THE TASK »
Working from the records below, return word for word the line that contains "Jersey corto de" and each line after it, ending with the last. Skip all pictures.

(Collected data)
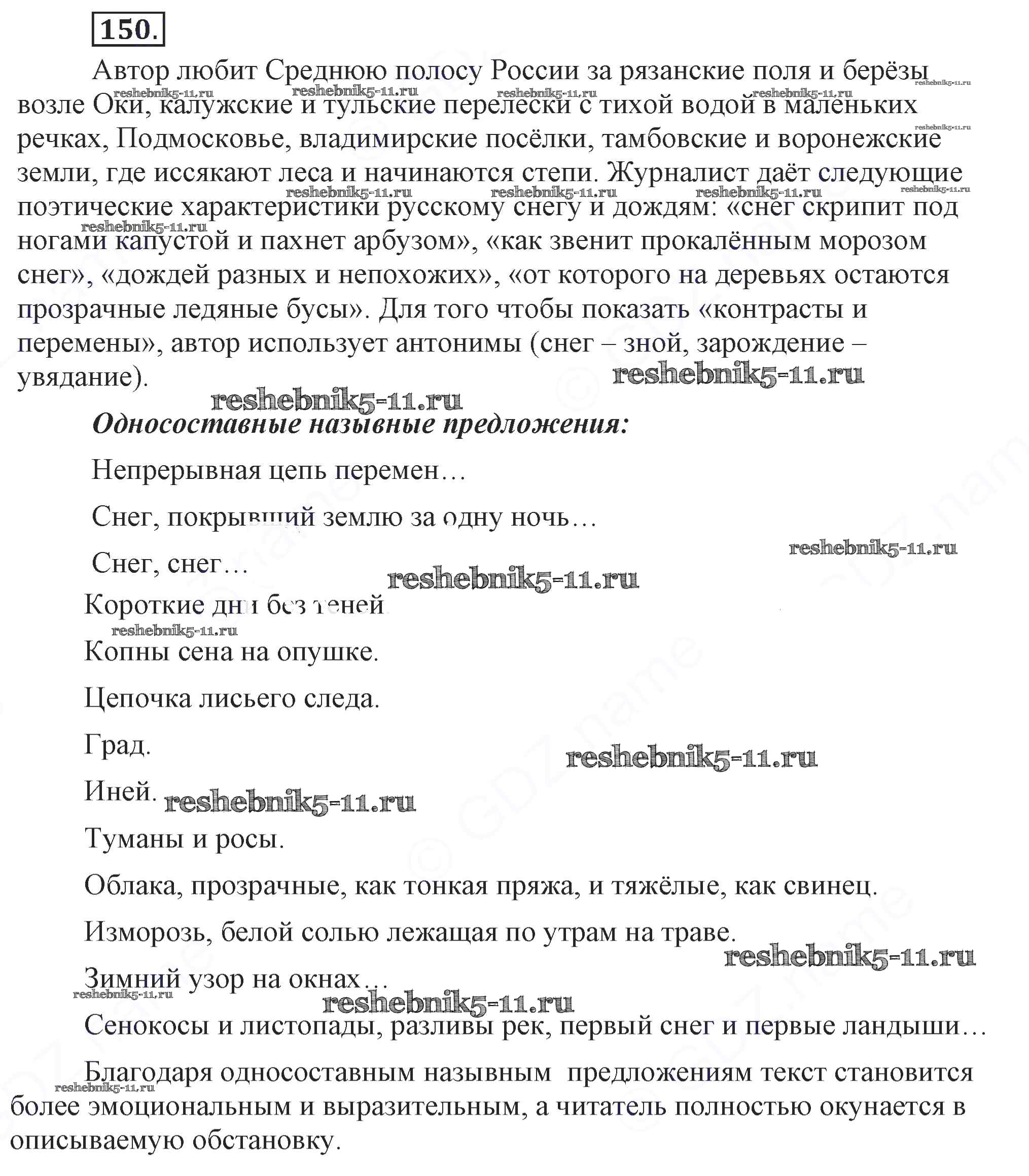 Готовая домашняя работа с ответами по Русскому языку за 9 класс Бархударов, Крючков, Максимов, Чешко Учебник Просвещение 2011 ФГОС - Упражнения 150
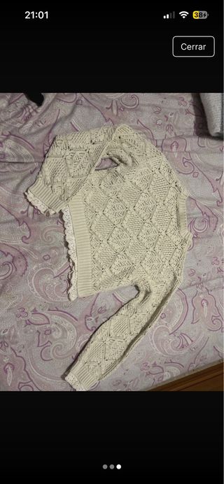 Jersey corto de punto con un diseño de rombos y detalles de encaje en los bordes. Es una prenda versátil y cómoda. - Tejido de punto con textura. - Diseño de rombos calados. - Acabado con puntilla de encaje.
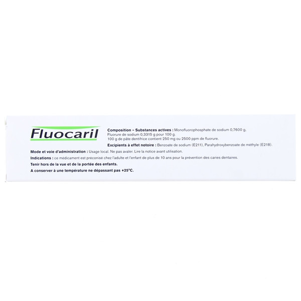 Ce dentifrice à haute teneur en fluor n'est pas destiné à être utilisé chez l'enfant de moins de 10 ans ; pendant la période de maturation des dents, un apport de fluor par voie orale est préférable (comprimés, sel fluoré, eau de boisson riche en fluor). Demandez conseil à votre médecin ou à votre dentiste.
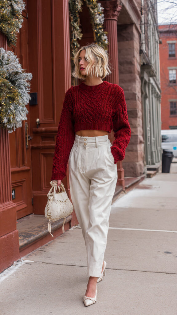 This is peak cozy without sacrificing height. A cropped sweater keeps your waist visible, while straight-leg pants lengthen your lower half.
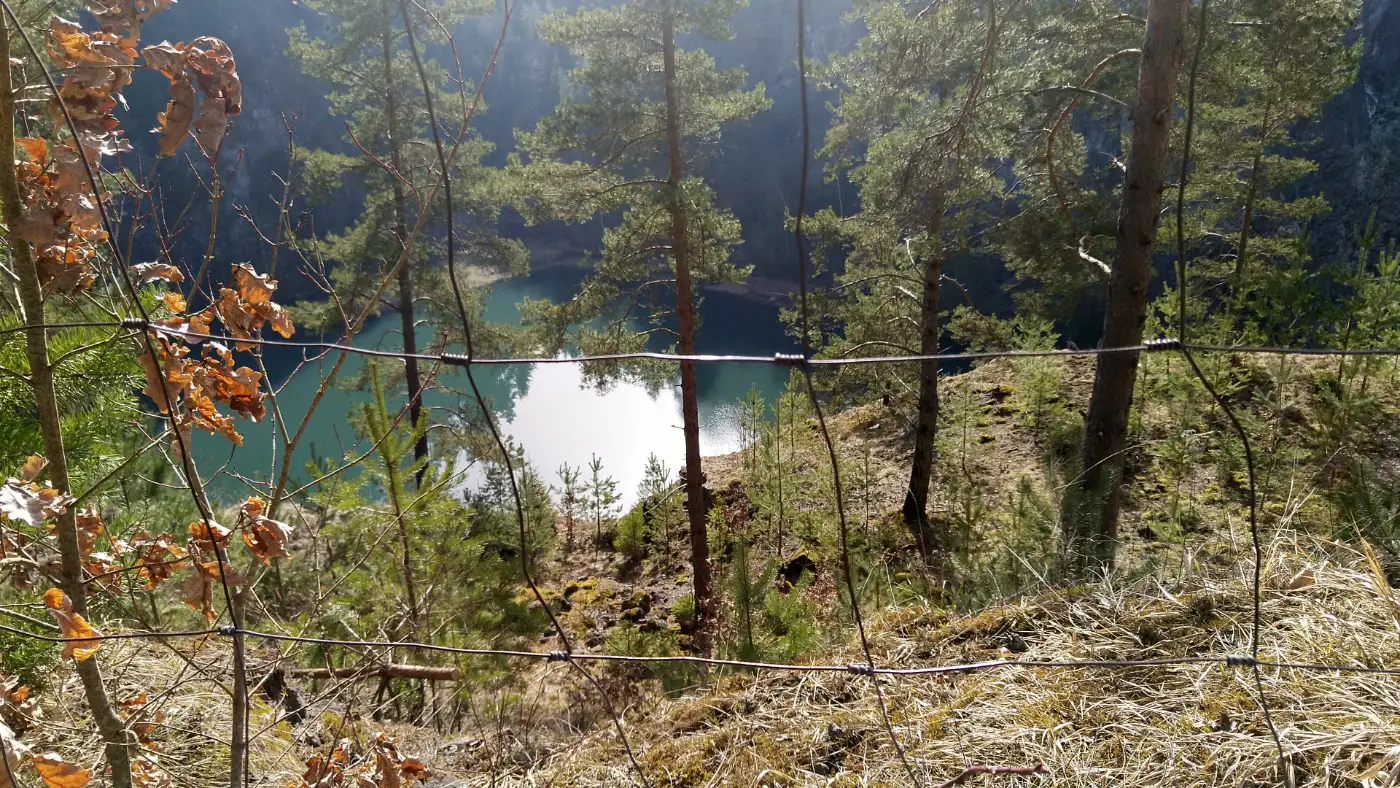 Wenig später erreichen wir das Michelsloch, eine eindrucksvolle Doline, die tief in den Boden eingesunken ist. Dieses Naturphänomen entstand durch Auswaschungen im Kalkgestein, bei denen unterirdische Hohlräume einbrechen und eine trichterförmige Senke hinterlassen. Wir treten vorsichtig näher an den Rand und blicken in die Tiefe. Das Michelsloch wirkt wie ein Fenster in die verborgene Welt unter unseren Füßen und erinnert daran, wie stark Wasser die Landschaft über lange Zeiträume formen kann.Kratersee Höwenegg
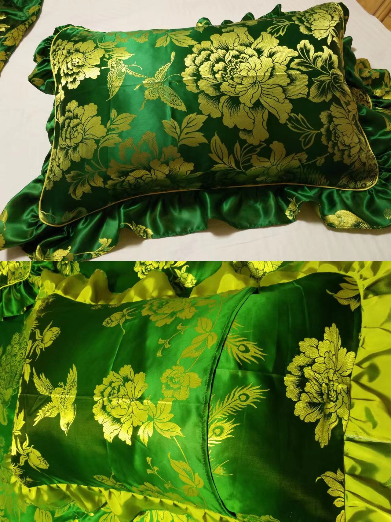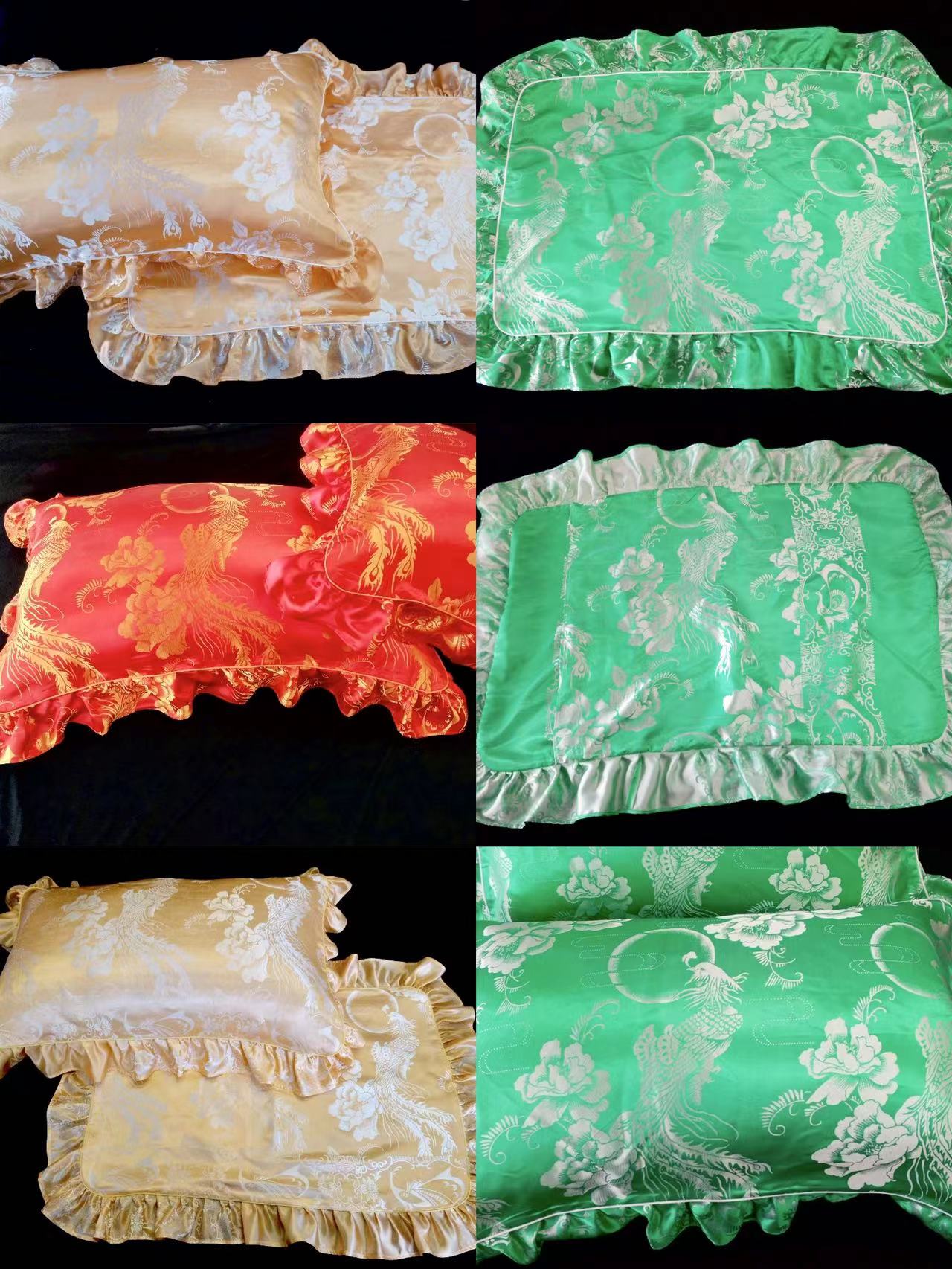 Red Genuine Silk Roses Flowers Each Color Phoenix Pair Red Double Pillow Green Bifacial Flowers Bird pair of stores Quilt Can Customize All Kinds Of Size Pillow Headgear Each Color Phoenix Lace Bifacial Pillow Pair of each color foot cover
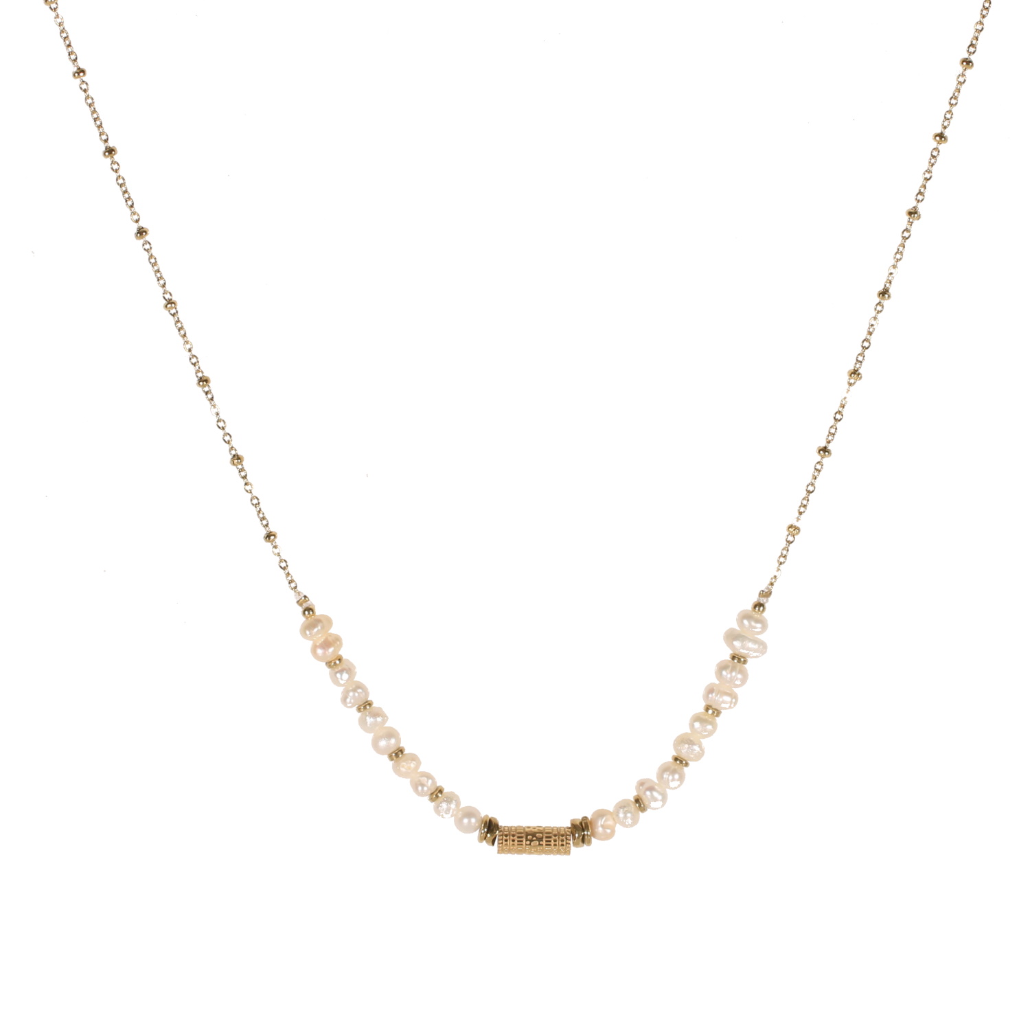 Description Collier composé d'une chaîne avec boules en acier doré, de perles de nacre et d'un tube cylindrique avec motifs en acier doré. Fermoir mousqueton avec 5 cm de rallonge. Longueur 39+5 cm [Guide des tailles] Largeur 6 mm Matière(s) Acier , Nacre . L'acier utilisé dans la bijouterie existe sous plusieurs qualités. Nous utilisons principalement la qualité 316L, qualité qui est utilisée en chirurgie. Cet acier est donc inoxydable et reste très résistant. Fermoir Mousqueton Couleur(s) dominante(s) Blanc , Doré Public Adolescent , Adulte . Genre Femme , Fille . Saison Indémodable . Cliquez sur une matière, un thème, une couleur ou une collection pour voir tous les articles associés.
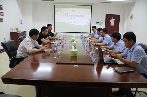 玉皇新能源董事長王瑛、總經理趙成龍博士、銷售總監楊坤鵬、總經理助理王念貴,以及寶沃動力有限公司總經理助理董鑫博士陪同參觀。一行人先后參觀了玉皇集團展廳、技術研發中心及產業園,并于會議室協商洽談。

SOLUTION TO THIS PROBLEM »
 Jersey corto de punto con un diseño de rombos y detalles de encaje en los bordes. Es una prenda versátil y cómoda. - Tejido de punto con textura. - Diseño de rombos calados. - Acabado con puntilla de encaje.
 Ce dentifrice à haute teneur en fluor n'est pas destiné à être utilisé chez l'enfant de moins de 10 ans ; pendant la période de maturation des dents, un apport de fluor par voie orale est préférable (comprimés, sel fluoré, eau de boisson riche en fluor). Demandez conseil à votre médecin ou à votre dentiste.
 This is peak cozy without sacrificing height. A cropped sweater keeps your waist visible, while straight-leg pants lengthen your lower half.
 Wenig später erreichen wir das Michelsloch, eine eindrucksvolle Doline, die tief in den Boden eingesunken ist. Dieses Naturphänomen entstand durch Auswaschungen im Kalkgestein, bei denen unterirdische Hohlräume einbrechen und eine trichterförmige Senke hinterlassen. Wir treten vorsichtig näher an den Rand und blicken in die Tiefe. Das Michelsloch wirkt wie ein Fenster in die verborgene Welt unter unseren Füßen und erinnert daran, wie stark Wasser die Landschaft über lange Zeiträume formen kann.Kratersee Höwenegg
 Red Genuine Silk Roses Flowers Each Color Phoenix Pair Red Double Pillow Green Bifacial Flowers Bird pair of stores Quilt Can Customize All Kinds Of Size Pillow Headgear Each Color Phoenix Lace Bifacial Pillow Pair of each color foot cover
 Description Collier composé d'une chaîne avec boules en acier doré, de perles de nacre et d'un tube cylindrique avec motifs en acier doré. Fermoir mousqueton avec 5 cm de rallonge. Longueur 39+5 cm [Guide des tailles] Largeur 6 mm Matière(s) Acier , Nacre . L'acier utilisé dans la bijouterie existe sous plusieurs qualités. Nous utilisons principalement la qualité 316L, qualité qui est utilisée en chirurgie. Cet acier est donc inoxydable et reste très résistant. Fermoir Mousqueton Couleur(s) dominante(s) Blanc , Doré Public Adolescent , Adulte . Genre Femme , Fille . Saison Indémodable . Cliquez sur une matière, un thème, une couleur ou une collection pour voir tous les articles associés.
 玉皇新能源董事長王瑛、總經理趙成龍博士、銷售總監楊坤鵬、總經理助理王念貴,以及寶沃動力有限公司總經理助理董鑫博士陪同參觀。一行人先后參觀了玉皇集團展廳、技術研發中心及產業園,并于會議室協商洽談。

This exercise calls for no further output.